I would not reset in this case. A reset is like manually telling the algorithm that a sequence just ended, and it should sever any current segments that are trying to learn the next point. It ends the sequence. You would only do this if there were a cycle you could identify in the input that was not already described by time itself. What I mean is you don’t have to reset for end of day, or hourly, because those semantics are already a part of the encoding.

You might want to reset if the input data is associated with a machine that just went through a cycle, and was starting again. More info on this here.

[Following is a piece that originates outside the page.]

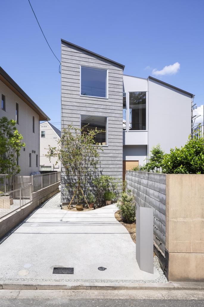 The phrase “tiny home” or “tiny lot” tends to bring to mind properties with narrow frontages. In the densely developed districts of Osaka, this type of long, narrow property is common, and houses are often built so close together a person can’t even fit between them. However, in Osaka, building coverage area (BCA) and floor-area ratio (FAR) regulations are lenient, allowing for a relatively large percentage of a given property to be built up. By contrast, in the Shukugawa district of Nishinomiya, Hyogo Prefecture (just west of Osaka), BCA is limited to 40 percent and FAR to 100 percent; height is also restricted. As a result, architectural design in this district is actually more difficult than it is in urban Osaka. In addition, on this particular lot, the residence had to be set back at least one meter from neighboring lots. This reduced the frontage on the “pole” portion of the flagpole lot to a width too small for construction, posing a further obstacle to building a home. On the other hand, we were able to locate the entire allowed floor area on the “flag” portion of the lot, which worked in our favor.

My suggestion around aggregation has always been to do it manually, not rely on the swarming process to do it for you. You’ll have better success this way. How you aggregate depends greatly on the structure of your data. The main rule is to chart the aggregated data and see if you, as a human, can see patterns in the chart. If so, NUPIC will be more successful. If you cannot find any patterns, maybe there are none to find at that aggregation level.


#4

Can we manually aggregate through the model params here? Like setting ‘minutes’ to 5 for the 5 minute agg? Or do you mean modify the data file itself in preprocessing? Thanks

'aggregationInfo': 

{ 'days': 0,
                       'fields': [],
                       'hours': 0,
                       'microseconds': 0,
                       'milliseconds': 0,
                       'minutes': 0,
                       'months': 0,
                       'seconds': 0,
                       'weeks': 0,
                       'years': 0}

#5

I’ve never used the aggregationInfo section of the model params, myself. I’ve always manually aggregated my data.